Where automated recovery is not possible, an alert to responsible personnel should be made as soon as possible from the cloud side. At the same time, you don’t want to overload your support with false alarms or transient problems, as that will ultimately make them ignore the alarms when they are actually needed. Your tooling needs to be smart enough to assess the (un)certainty and urgency of the problems.

SLA means resolving problems on time

Historically, response (not resolution) time has been a parameter that defined a good SLA. Response time in simple terms meant how long did it take your support team to react to a reported issue. However, a reaction doesn’t mean much if the customer is left stranded for weeks without a resolution.

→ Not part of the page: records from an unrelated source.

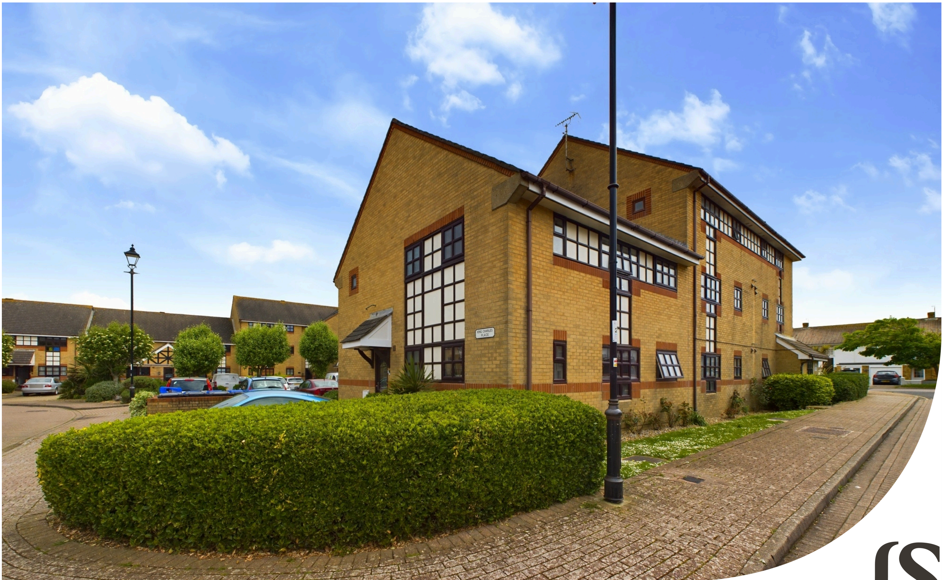
King Charles Place | Shoreham by Sea | BN43 5JH Guide Price £300,000
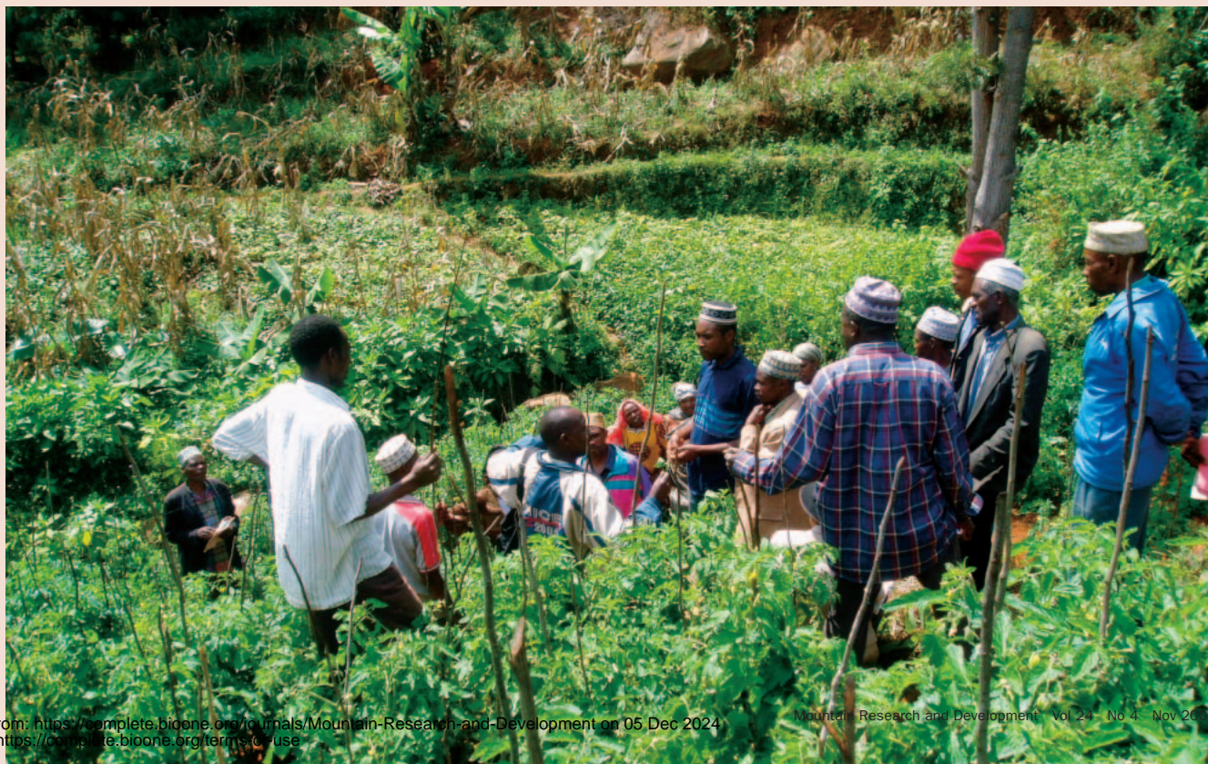
FIGURE 3 Farmers' Research Groups visit their experimentation plots in Lushoto, Tanzania.

There is a risk that market-oriented production may result in the capture of benefits by the rich to the detriment of the poor, or create a privileged group of farmers with access to new markets. There are also concerns that commercializing small-scale agriculture may widen gender inequalities and have negative effects on household food security and nutrition. A proactive gender and equity strategy should encourage and sustain active participation, and cooperation of both men and women in different wealth categories. Efforts geared towards strengthening and building more inclusive and equitable farmers' organizations and other local institutions are needed to foster collective action in production and marketing, and increase economies of scale, efficiency, and the competitiveness of community agroenterprises. Policy advocacy is required to make markets work for poor farmers in marginal mountain areas.
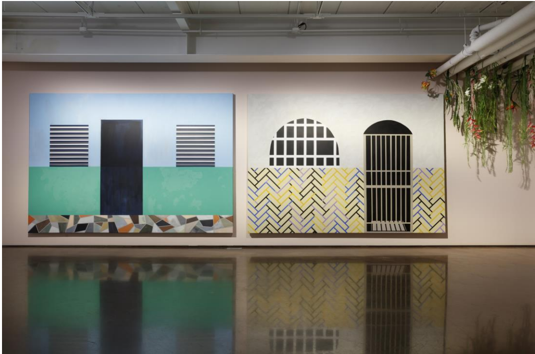
Installation view of A Shiver in Search of a Spine , ARARIO GALLERY, Seoul, 2019
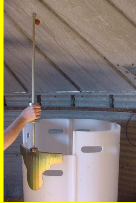
Driver action on tube sheet
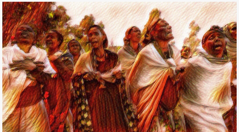
Tigray Women Mourning after Massacre: Desolation
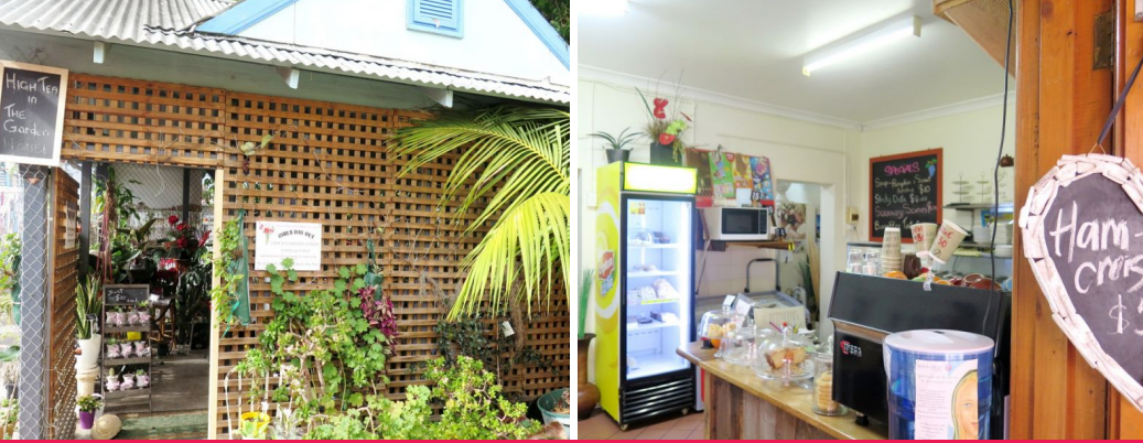
18 Railway St, Woy Woy NSW 2256
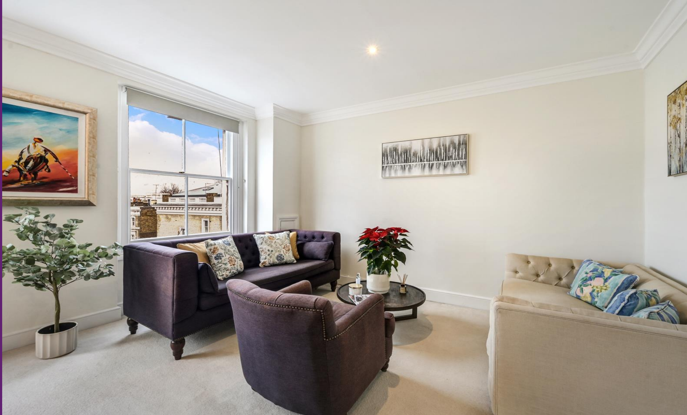
Redcliffe Gardens Chelsea, SW10
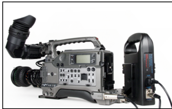
2. 12V DC Adapter Operation
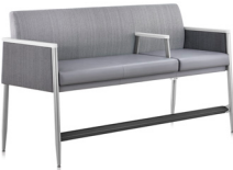
Easy Access Plus Chair with Intervening Arm

Solid surface arm cap (shown) provides long-term durability and design versatility.
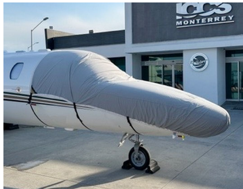
Cessna Citationjet 525B Travel Weight Cockpit/Nose Cover
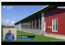
Max Air Curtain

This next generation system operates as a single curtain for openings up to 14'. For these larger openings the material rolls on and off an aluminum tube in the center of the opening which keeps the curtain fabric tight in all positions.
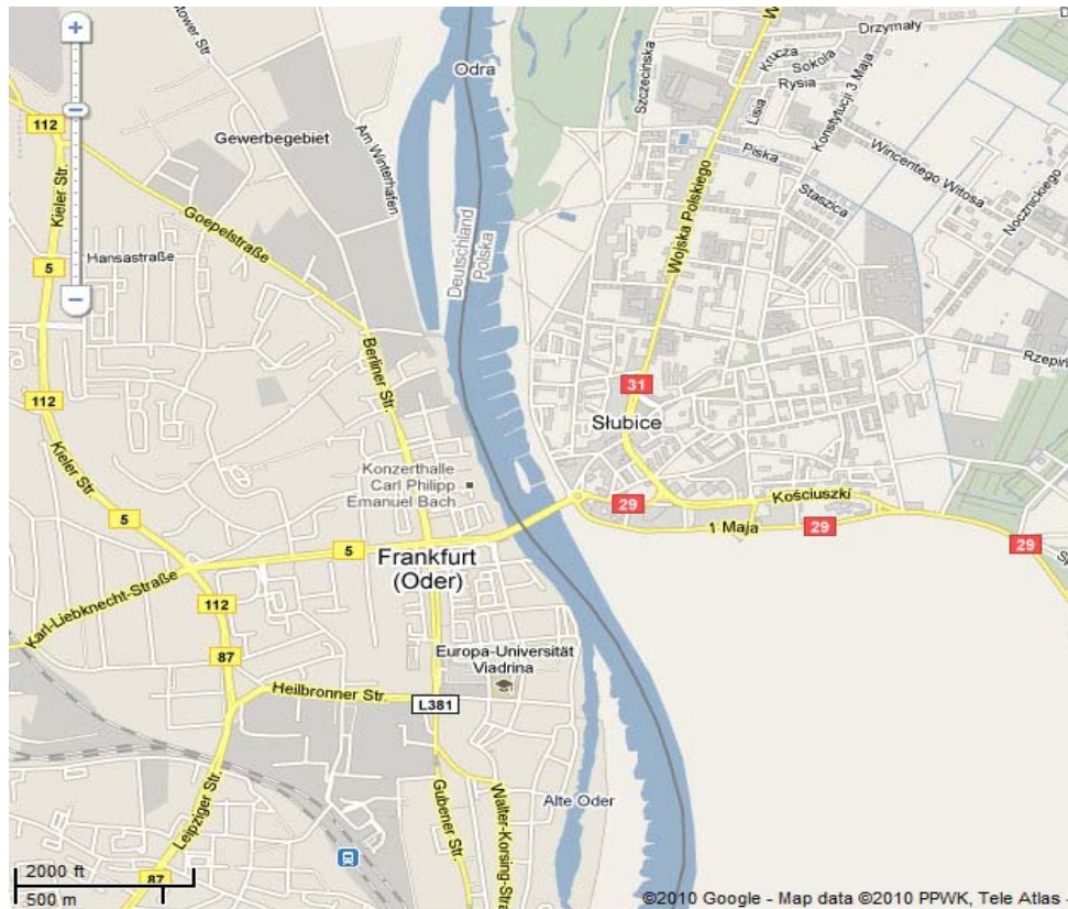
Figure 1.2. Frankfurt an der Oder and Słubice in relation to each other along the river Odra.
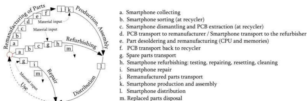
Fig. 4 End-of-use scenarios repair, refurbishing and remanufacturing and their process steps

GWP was the main measure of environmental impact with CO 2 eq or carbon emissions being the key metric, as one of the main contributors to environmental damage.
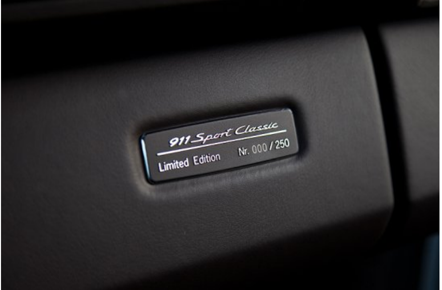
The 1973 Carrera 2.7 RS was an exceptional sportscar and, based as it is on the Carrera S , so is the Sport Classic . The 3.8-litre flat-six engine, with direct injection, has been tuned for resonance with six switching flaps in the manifolds, raising the maximum output by 23PS to 408PS. Accompanied by a pronounced 911 roar, the Sport Classic sprints from 0 to 62mph in 4.6 seconds. Top speed is 188mph. In honour of the original, Porsche resisted the temptation to fit the PDK double-clutch system here. All Sport Classics will come with a manual six-speed gearbox. The enhanced PASM chassis keeps the Sport Classic level on the road, and carbon-reinforced ceramic brakes supply the necessary stopping power.
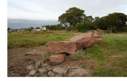
Denhall Old Quay was the site of a busy port in the 16th century, but the silting up of the Dee estuary saw it fall into disuse. It now provides a useful vantage point for observing the saltmarshes and their birdlife.

OPEN: Mon–Sat: 11am–11pm Sunday: 11am–10.30pm FOOD SERVED: Mon–Sat: 12 noon–9.30pm Sunday: 12 noon–9pm
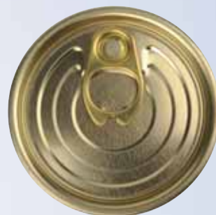
Easy open ends
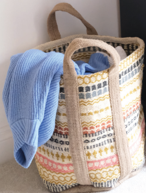
901009 Multicolour Pattern Storage Bag
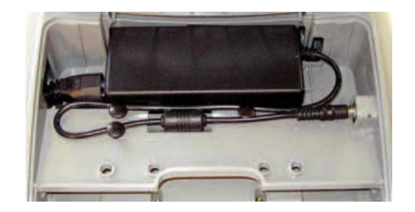
Mounting of the AC power adapter

Place the docking station carefully on the left side with the covering flap open. Route the power supply plug through the opening on the side and place the cable in the lateral recess. Only use the supplied power cable and the supplied power supply unit.
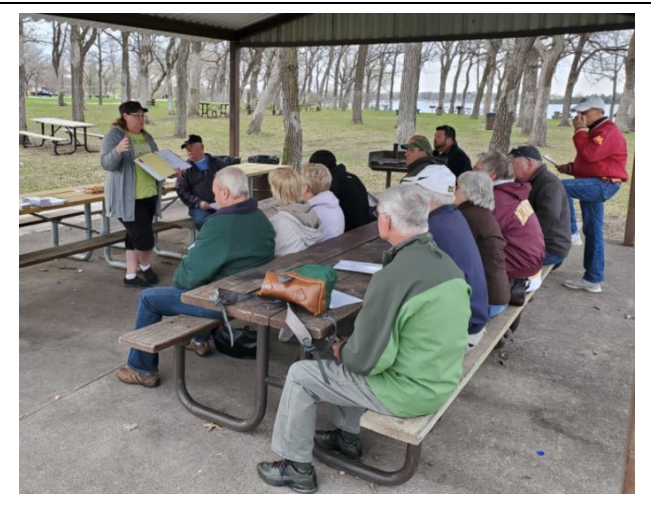
A Big Lake Community Lakes Association member leads a local discussion on AIS Volunteer Outreach for the Big Lake Public Access.
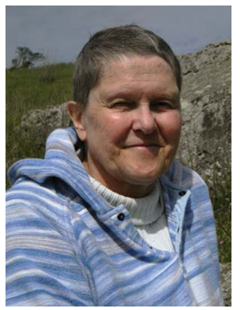
Help ensure that future patients struggling with breast cancer receive the help they need.

For years to come, your generous gift will help ensure the continuation of To Celebrate Life's mission of providing support to Bay Area women and men living with breast cancer. As an all-volunteer breast cancer organization, we put your dollars to work in our community, not in our overhead.
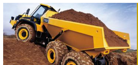
CONSTRUCTION & QUARRYING
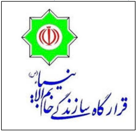
The Khatam al-Anbiya Construction Headquarters Seal

The Khatam al-Anbiya ("Seal of the Prophet") Construction Headquarters is the IRGC's engineering and construction branch. Under the command of an IRGC general, the economic conglomerate is one of the IRGC's main sources of revenue. First, this section introduces the commander of Khatam al-Anbiya Construction Headquarters (herein referred to as Khatam al-Anbiya), Brigadier General Hossein Hoosh al-Sadat. After that, it briefly describes how the former military engineering corps amassed such wealth. Finally, it turns to the core function of Khatam al-Anbiya: funding the IRGC operations discussed throughout this resource.

Therefore, more and more companies want a higher degree of confidence to sign a contract, and will require commitment to resolution time.

In the past shipping back a device would have been an option. Today, you will be expected to resolve problems remotely.

At scale, you certainly don’t want to remotely access the console of each individual device. If you have 100 devices and a patch takes you 10 minutes, that’s 1000 minutes. That’s 16 developer-hours. At 1000 devices, that’s 166 developer-hours–almost a month of regular 8 hour work-days! Will your customers wait one month to have their problem fixed? Or is it worth employing a four person team to bring that number down to one business week (and still have unhappy customers)?

What you need in this case is a system that can

  • Get you information about the entire population of devices efficiently
  • Lets you perform actions across a large number of devices at scale
  • Report back per-device results at scale

With those tools, a single engineer will have the power of an entire team.

SLA requires efficient root cause analysis

While you might have resolved the problem for your specific customer, you don’t want to stop there. There are other customers having the same problems, they just don’t know it yet, or haven’t reported it.

That’s where you will benefit from a continuous stream of logs and operational metrics from your devices that can be browsed at scale. Let’s say a specific version of software on your device randomly crashes. With a good set of logs and metrics, you could quickly narrow down the problem to something like high CPU usage, low memory, or specific revision of hardware coupled with specific history of updates.

The holy grail of exceeding SLAs

The reactive approach outlined above still carries a lot of cost and risk. But it’s a starting point from which you can get to the optimal solution. Ideally, you should be able to find problems ahead of time and prevent them, rather than reacting to them. That’s where having access to large volumes of historical monitoring data and logs will unlock a ton of opportunities.
With a detailed knowledge of what happened with each of your devices over their lifetime, it becomes much easier to start seeing patterns, and to connect the dots.

Ultimately, a couple of months of work of a data engineer (together with a domain expert) can get you business insights beyond what you might be able to imagine.

Conclusion

The challenge of transforming a hardware-based business into a hardware and software-as-a-service business is tremendous. Proofs of concept are therefore omnipresent, but a successful hardware trial is only the beginning of a long journey to a scalable, profitable product line. Ultimately, your company’s reputation as a “cloud” business is at stake.

Obviously I have been thinking deeply about this topic as we build Golioth to make IoT products easier to bootstrap, and much easier to maintain. In future posts I’ll dig into the details of how we address each issue raised here. The important thing today is that we all embrace the concept that adding connectivity is a fundamental change, and not just a hardware revision.

Before you start your migration from proof-of-concept to production (and deployment), make sure you have all the infrastructure in place to support rapid growth. Great engineers that made the early trials successful require tools and support to handle issues at production scale.

A successful proof-of-concept or prototype should prove scalability. It should demonstrate your company’s ability to exceed service level expectations of your customers, and make profit for the company building a connected device.